One of the intriguing results of the in vitro studies is that the temperature dependence of the different enzymes sheds light on why DIP is accumulated only in M. igneus grown above 80°C. The synthesis of DIP from CDP-I and myo-inositol has quite a high activation energy, ∼120 kJ · mol⁻¹ (Table 1). For comparison, the start of the DIP biosynthetic pathway, I-1-P synthase, exhibits an activation energy of 60 to 70 kJ · mol⁻¹ (Table 1). The I-1-P phosphatase in crude mixtures has an even lower activation energy (<50 kJ · mol⁻¹), although since multiple phosphatases exist, this value may not be very accurate. A purified I-1-P phosphatase from M. jannaschii expressed in Escherichia coli has an activation energy of 54 kJ · mol⁻¹ (3). At lower growth temperatures, any I-1-P generated may be hydrolyzed to myo-inositol, possibly for incorporation into lipids. I-1-P cannot accumulate to levels needed for conversion to CDP-I and eventual DIP synthesis. As the growth temperature is increased, however, not only is more I-1-P generated, but DIP synthase activity is enhanced. Cells need ∼0.15 μmol of DIP per mg of protein for osmotic balance when grown in normal medium containing 0.3 M NaCl (5). The rate of DIP synthesis that is extrapolated for growth at 85°C, ∼0.01 μmol · min⁻¹ · mg⁻¹, easily provides this amount in the doubling time of the organism. Whether the DIP really has a thermoprotective role or whether accumulation of DIP represents a way for the cell to use excess inositol (by storing it in a compound used for osmotic balance) in this organism remains to be determined.

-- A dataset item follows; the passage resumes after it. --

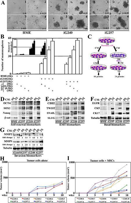 Figure 7: MSCs enhance GemOE aggressiveness, in vitro and in vivo. (A) Mammosphere formed when 1000 naïve HME, iG240 or iG257 cells were plated alone or mixed with 250, 500 or 1000 MSCs. (B) Quantitative analysis of the data represented in (A). Experiments were done in triplicates 3 different times with p values between 0.0010–0001. Inset shows diameter of mammosphere developed in (A). Experiments were done in triplicates 3 different times with p values between 0.0010–0001. (C) Schematic representation of the experiments described in (D–F). The levels of indicated self-renewal biomarkers (D), EMT biomarkers (E) or basal biomarkers (F) in proteins extracted from naïve HME, iG197, iG240 or iG257 cells following the 0× or 2× treatment. (G) Similar experiments showing the levels of the invasion proteins MMP2 and MMP9 in proteins extracted from iGem9, iG197, iG240 or iG257 cells following the 0× or 2× treatment. (H) The size of orthotopic tumors developed in Nu/Nu mice injected with 2 × 106 iG240 (T1-T5) or 2 × 106 iG257 (T6-T10) cells within 10 weeks set limit for the experiment. (I) The size of orthotopic tumors developed in Nu/Nu mice injected with 2 × 106 iG240 + 3 × 105 MSCs (T11–T15) or 2 × 106 iG257 + 3 × 105 MSCs (T16–T20) cells within 10 weeks set limit for the experiment. In all parts of the figure experiments were done between 2–3 separate times.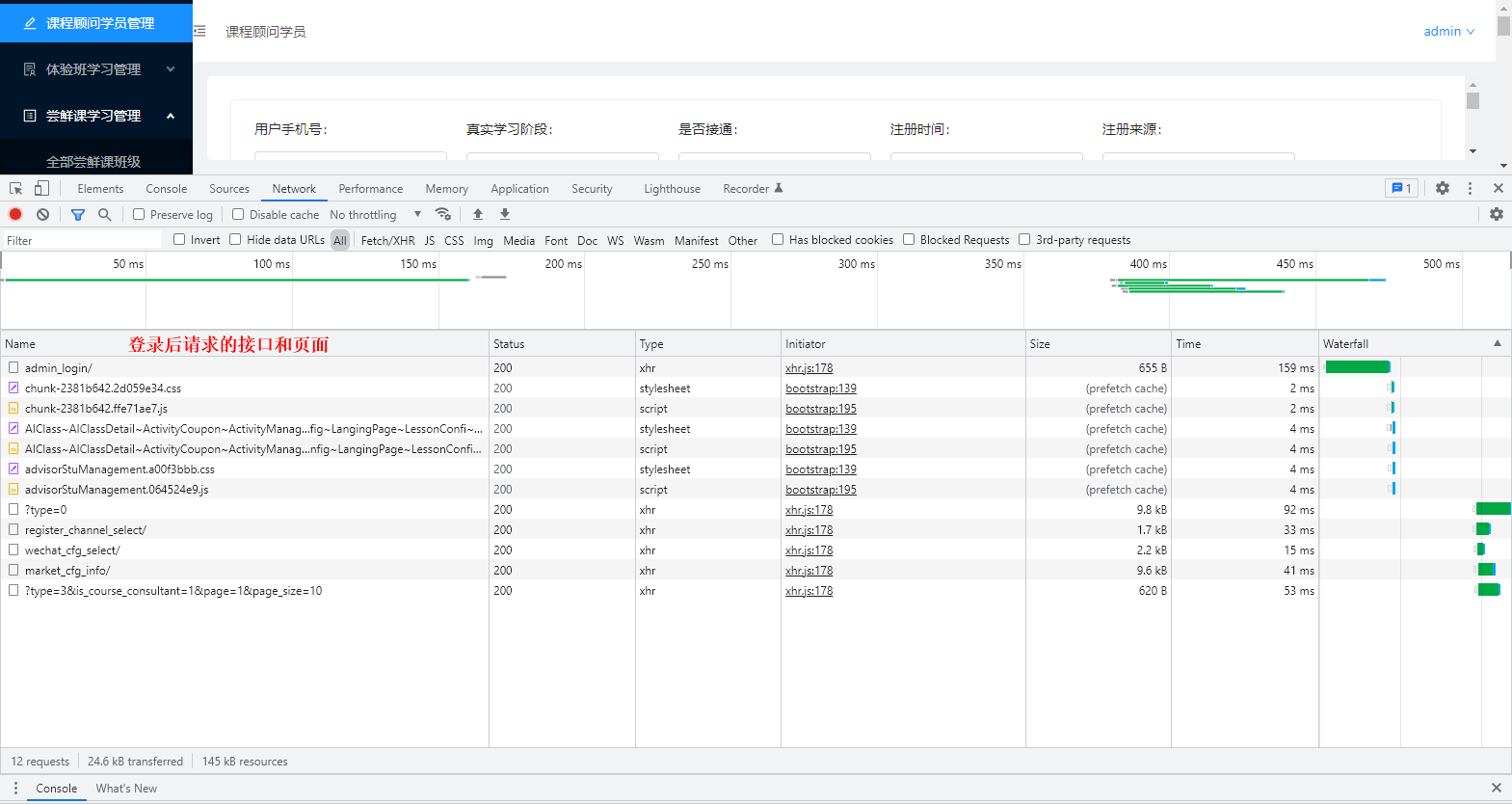 二:使用谷歌或其他浏览器登录网站或后台,按F12查看登录时请求的web页面和加载时间

As a by-product of analyzing the pathway for biosynthesis of DIP by ¹³C labeling, we have found that M. igneus must have many of the enzymes of the pentose phosphate pathway. Yu et al. (28) have suggested that a nonoxidative pathway for pentose production may be advantageous for an autotroph since it would avoid release of CO₂. However, the existence of transaldolase and transketolase activities in this methanococcus is in direct contrast to what has been observed with a number of other methanogens. Representatives of other genera (e.g., Methanobacterium thermoautotrophicum and Methanospirillum hungatei) do not show evidence of pentose phosphate enzymes, and it has been suggested that pentoses in these methanogens are formed by the oxidative decarboxylation of hexoses (7). Other methanococci have been examined by either ¹³C NMR or enzymatic assays specifically for these activities, with mixed results. ¹³C labeling of M. jannaschii (23), a hyperthermophilic organism, indicated that pentose phosphate enzymes were not present since no ¹³C label scrambling was observed: [3-¹³C]pyruvate labeled only C-1 and C-6 of hexoses. Another mesophilic methanococcus, M. maripaludis, showed significant transaldolase, transketolase, and appropriate epimerase activities (28). However, no ¹³C labeling experiments were carried out to verify that hexose labels would be scrambled. These limited comparisons show no correlation between thermophily and a nonoxidative pathway for pentose biosynthesis, since M. igneus appears more like the mesophilic M. maripaludis in possessing active transaldolase, transketolase, and epimerase activities.